▶ _Exercise description_: Copy nothing but the lines below, from the one with "平遙古城由城墻、店鋪、街道、" through the one with "威廉玛丽孔子学院成功举办20", exactly as written; no pictures should appear.

Entries shown section start

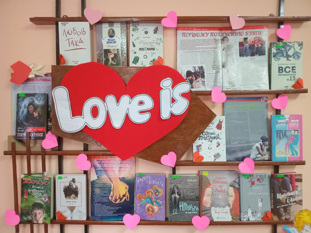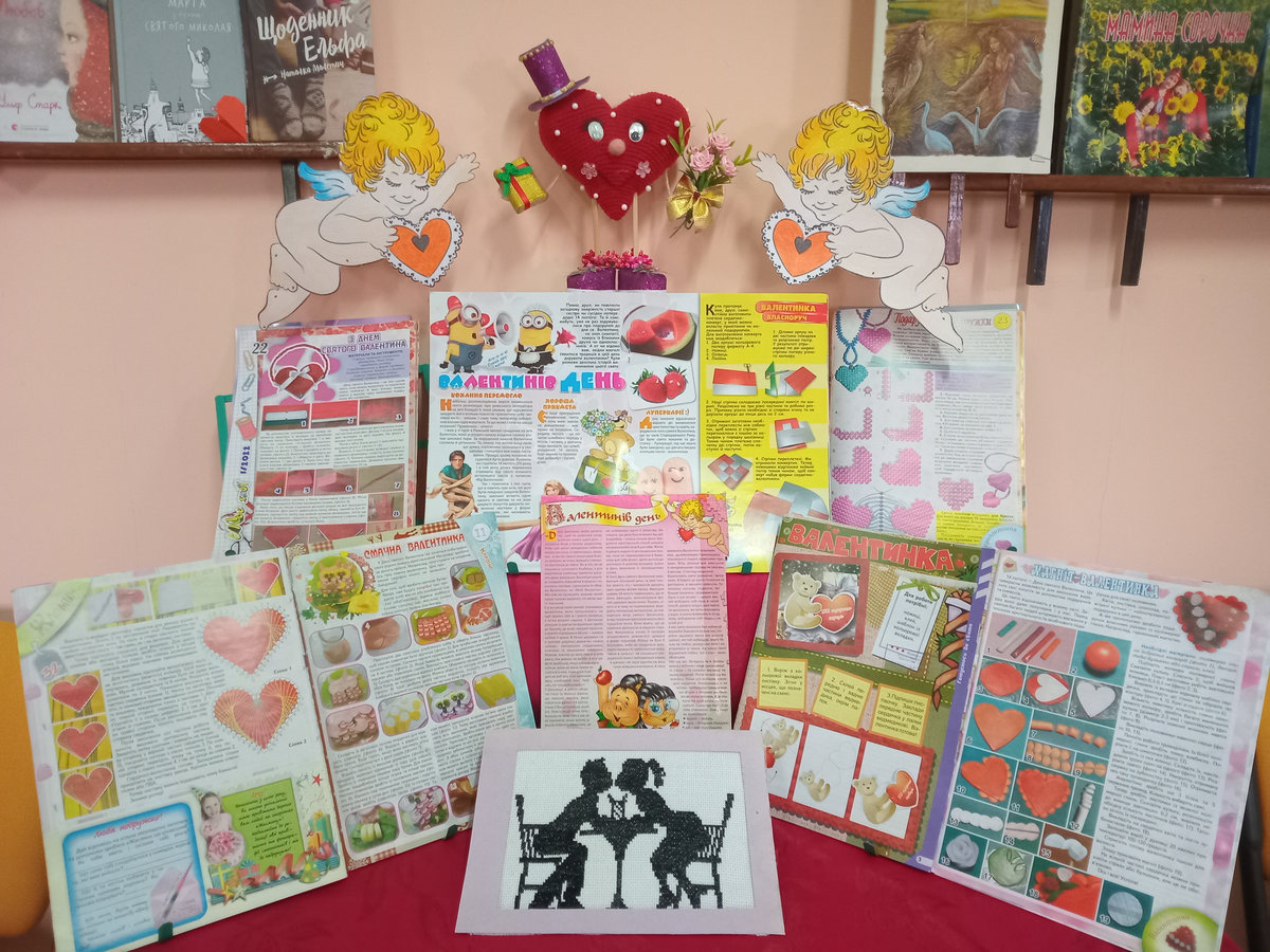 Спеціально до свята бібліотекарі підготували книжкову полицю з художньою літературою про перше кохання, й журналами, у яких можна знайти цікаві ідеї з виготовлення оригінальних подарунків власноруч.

Entries shown section end
Entries shown section start

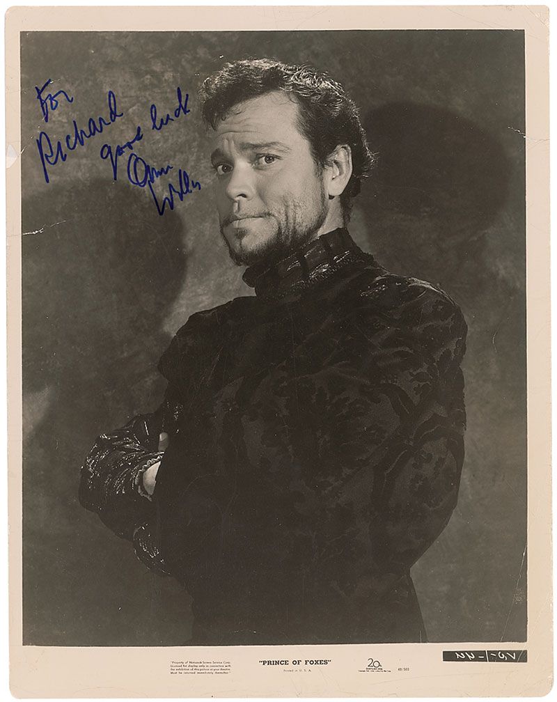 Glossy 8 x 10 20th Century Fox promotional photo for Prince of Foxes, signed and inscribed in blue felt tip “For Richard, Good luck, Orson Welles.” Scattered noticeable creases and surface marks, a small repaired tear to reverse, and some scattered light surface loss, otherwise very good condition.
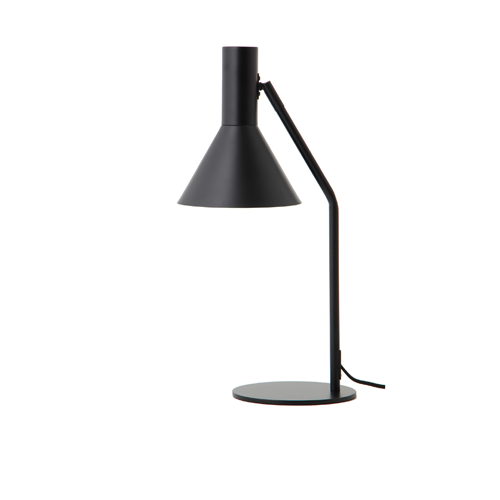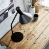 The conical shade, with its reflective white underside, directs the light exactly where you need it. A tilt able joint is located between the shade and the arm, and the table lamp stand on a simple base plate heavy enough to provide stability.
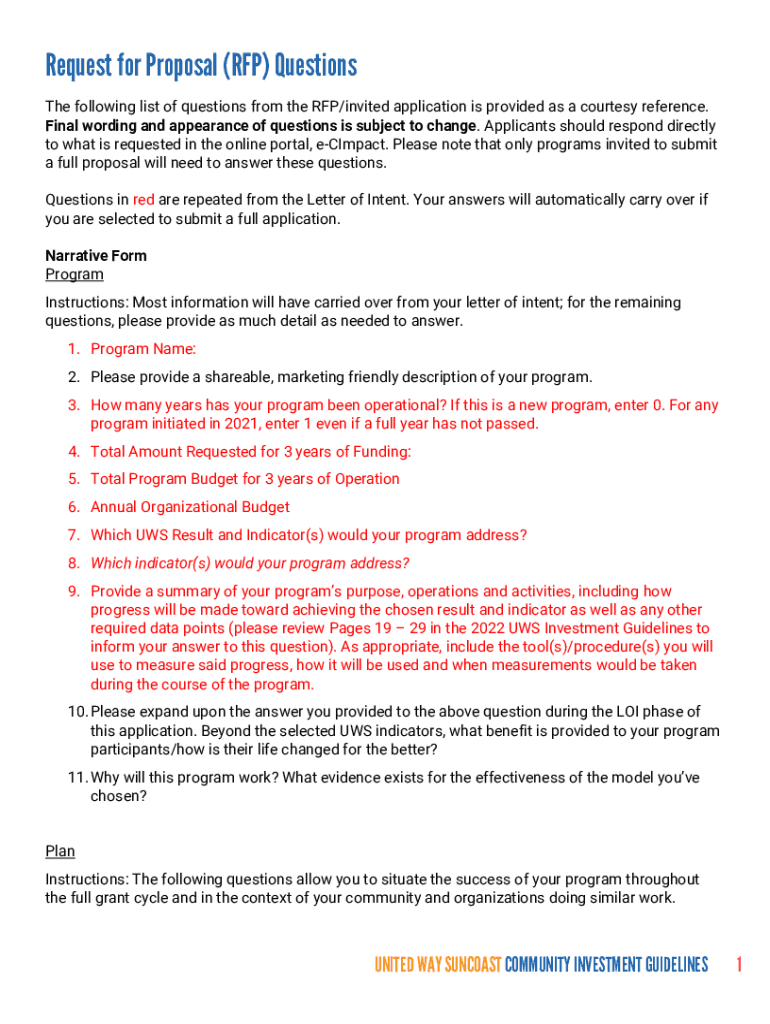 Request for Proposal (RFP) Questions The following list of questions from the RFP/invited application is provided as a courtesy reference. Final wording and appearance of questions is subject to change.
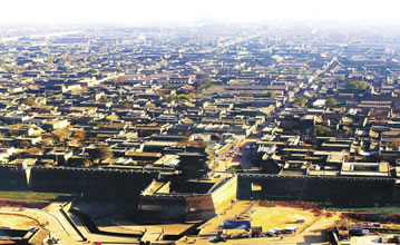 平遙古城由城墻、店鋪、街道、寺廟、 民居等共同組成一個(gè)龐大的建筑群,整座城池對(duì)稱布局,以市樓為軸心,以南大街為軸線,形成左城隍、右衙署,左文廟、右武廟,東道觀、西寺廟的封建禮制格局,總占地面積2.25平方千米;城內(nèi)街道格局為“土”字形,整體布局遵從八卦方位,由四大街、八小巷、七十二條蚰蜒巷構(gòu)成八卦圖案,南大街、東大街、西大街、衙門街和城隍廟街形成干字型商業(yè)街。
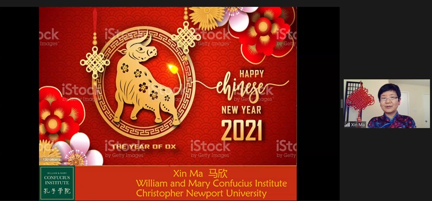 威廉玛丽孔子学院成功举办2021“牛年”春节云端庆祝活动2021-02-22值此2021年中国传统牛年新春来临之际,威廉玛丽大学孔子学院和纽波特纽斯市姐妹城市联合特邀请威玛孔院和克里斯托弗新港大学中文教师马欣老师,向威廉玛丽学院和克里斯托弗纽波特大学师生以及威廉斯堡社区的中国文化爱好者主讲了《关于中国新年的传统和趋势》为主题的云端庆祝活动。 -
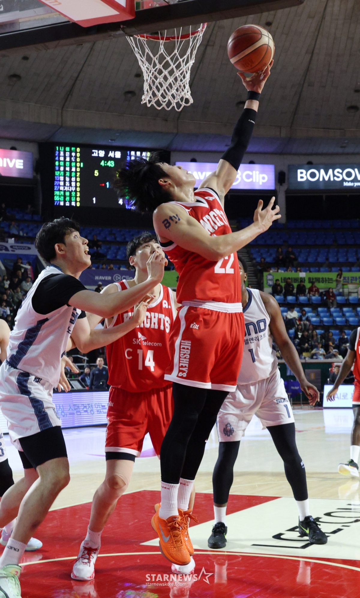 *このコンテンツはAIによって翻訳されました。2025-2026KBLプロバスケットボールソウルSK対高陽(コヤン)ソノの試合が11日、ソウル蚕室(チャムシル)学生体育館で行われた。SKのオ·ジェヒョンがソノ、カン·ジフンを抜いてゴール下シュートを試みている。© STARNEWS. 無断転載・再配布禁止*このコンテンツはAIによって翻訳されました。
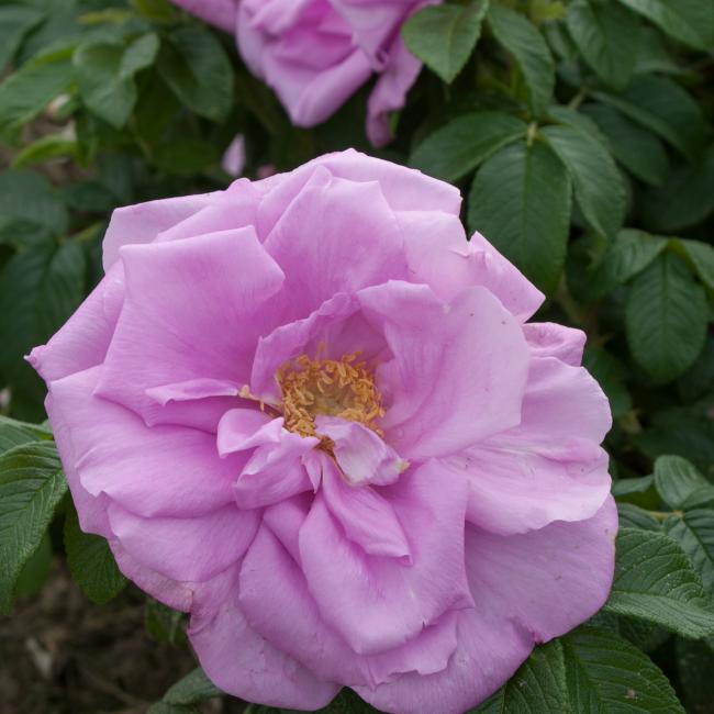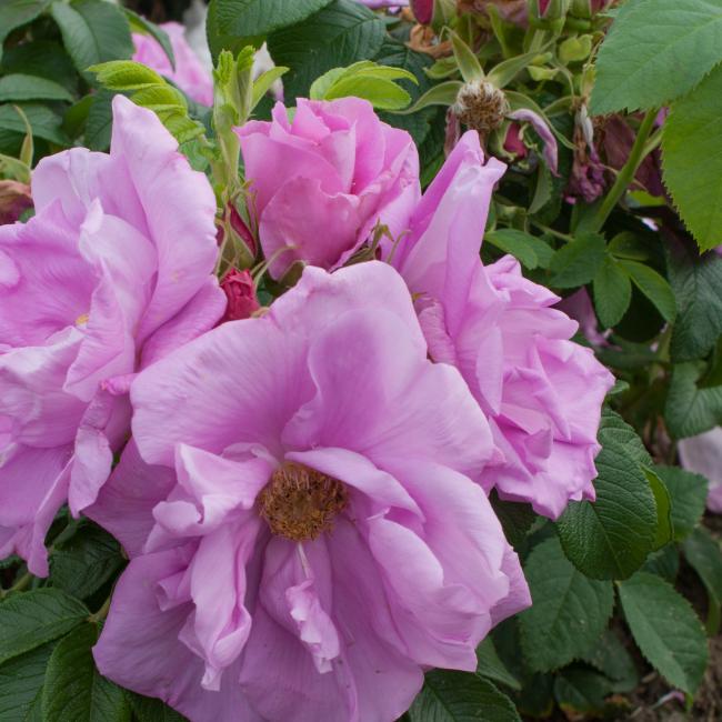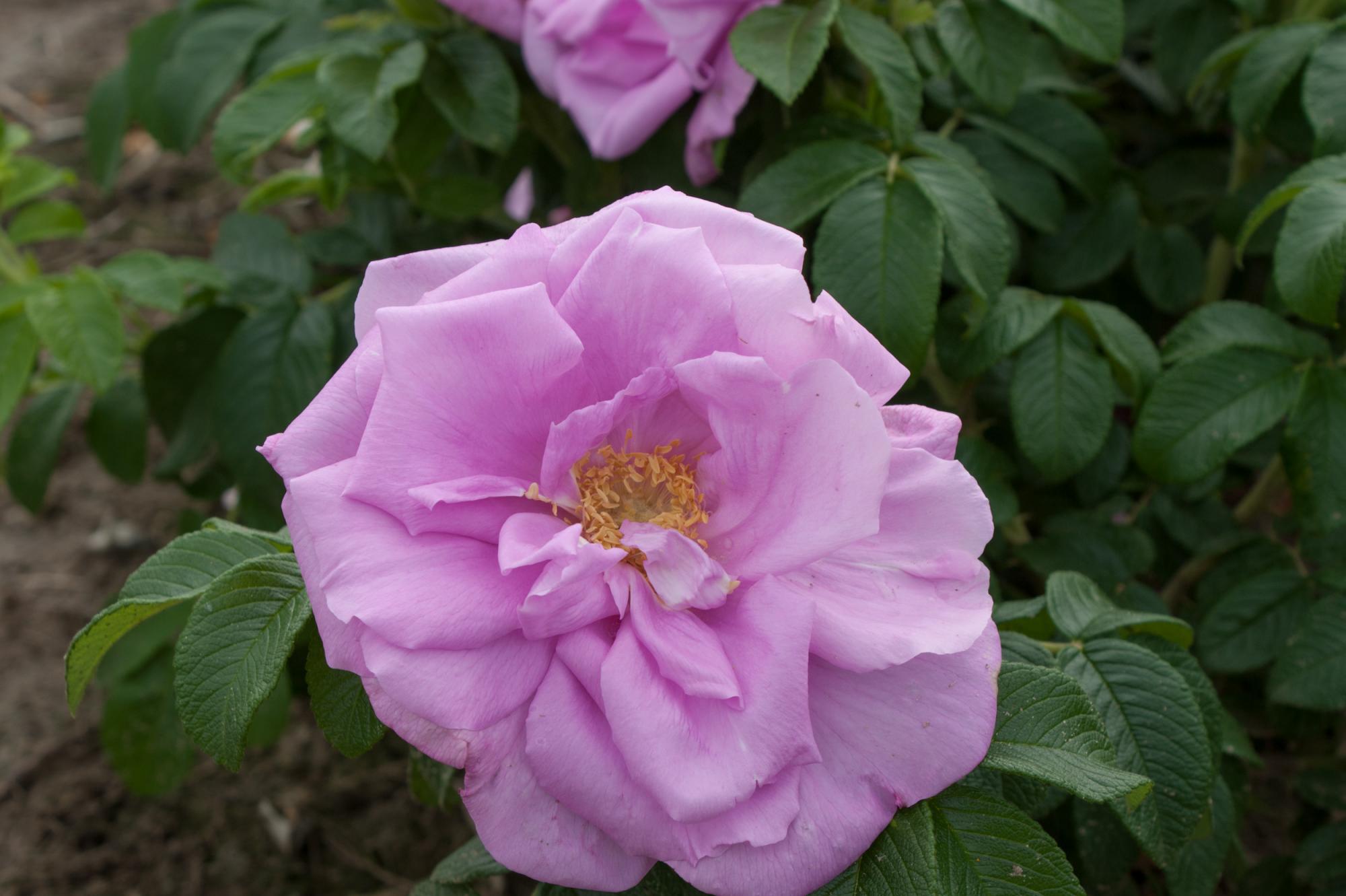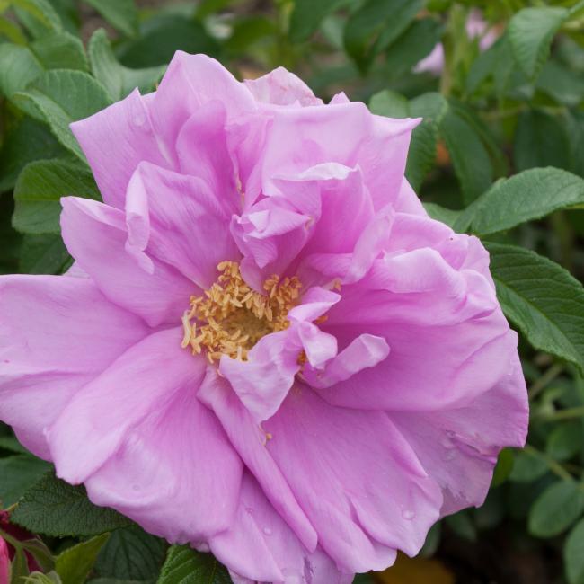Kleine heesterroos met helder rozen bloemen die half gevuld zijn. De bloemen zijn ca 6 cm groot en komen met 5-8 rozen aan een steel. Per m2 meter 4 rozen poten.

Entries shown section end
Entries shown section start

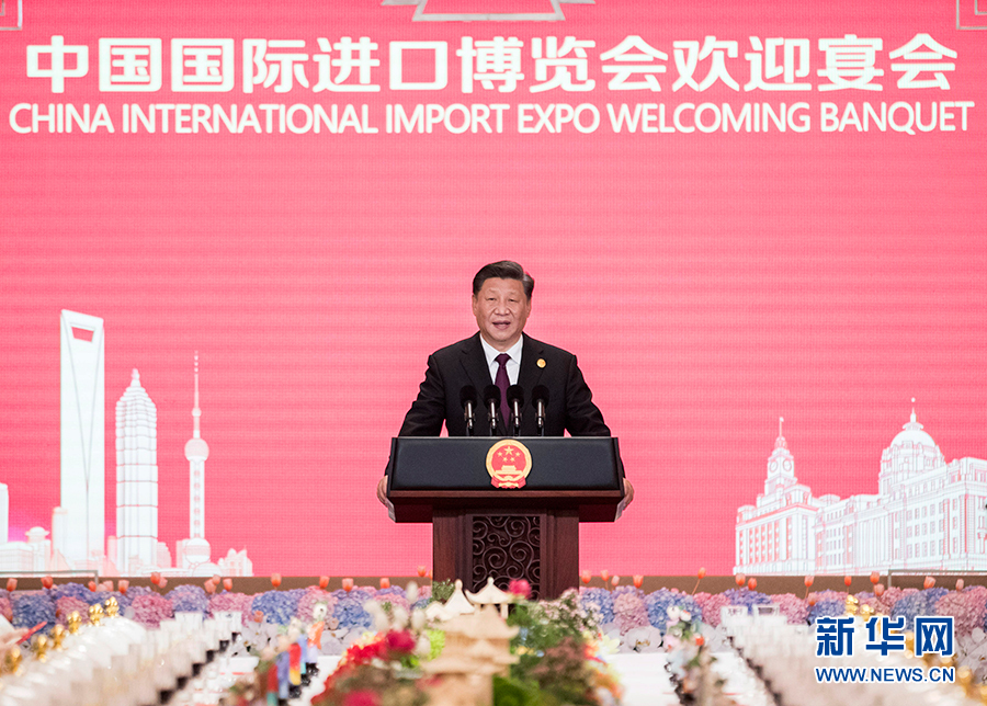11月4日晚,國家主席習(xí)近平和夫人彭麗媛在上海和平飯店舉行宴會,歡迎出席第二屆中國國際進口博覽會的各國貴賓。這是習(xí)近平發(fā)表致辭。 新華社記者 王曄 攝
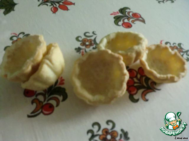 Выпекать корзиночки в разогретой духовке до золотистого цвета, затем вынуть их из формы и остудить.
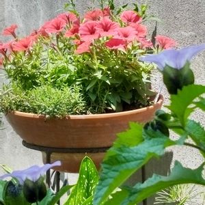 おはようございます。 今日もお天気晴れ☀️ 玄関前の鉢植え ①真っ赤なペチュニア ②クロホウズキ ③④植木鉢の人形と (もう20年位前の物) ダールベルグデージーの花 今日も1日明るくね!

Entries shown section end

▶ _Response box_:
 平遙古城由城墻、店鋪、街道、寺廟、 民居等共同組成一個(gè)龐大的建筑群,整座城池對(duì)稱布局,以市樓為軸心,以南大街為軸線,形成左城隍、右衙署,左文廟、右武廟,東道觀、西寺廟的封建禮制格局,總占地面積2.25平方千米;城內(nèi)街道格局為“土”字形,整體布局遵從八卦方位,由四大街、八小巷、七十二條蚰蜒巷構(gòu)成八卦圖案,南大街、東大街、西大街、衙門街和城隍廟街形成干字型商業(yè)街。
 威廉玛丽孔子学院成功举办2021“牛年”春节云端庆祝活动2021-02-22值此2021年中国传统牛年新春来临之际,威廉玛丽大学孔子学院和纽波特纽斯市姐妹城市联合特邀请威玛孔院和克里斯托弗新港大学中文教师马欣老师,向威廉玛丽学院和克里斯托弗纽波特大学师生以及威廉斯堡社区的中国文化爱好者主讲了《关于中国新年的传统和趋势》为主题的云端庆祝活动。 -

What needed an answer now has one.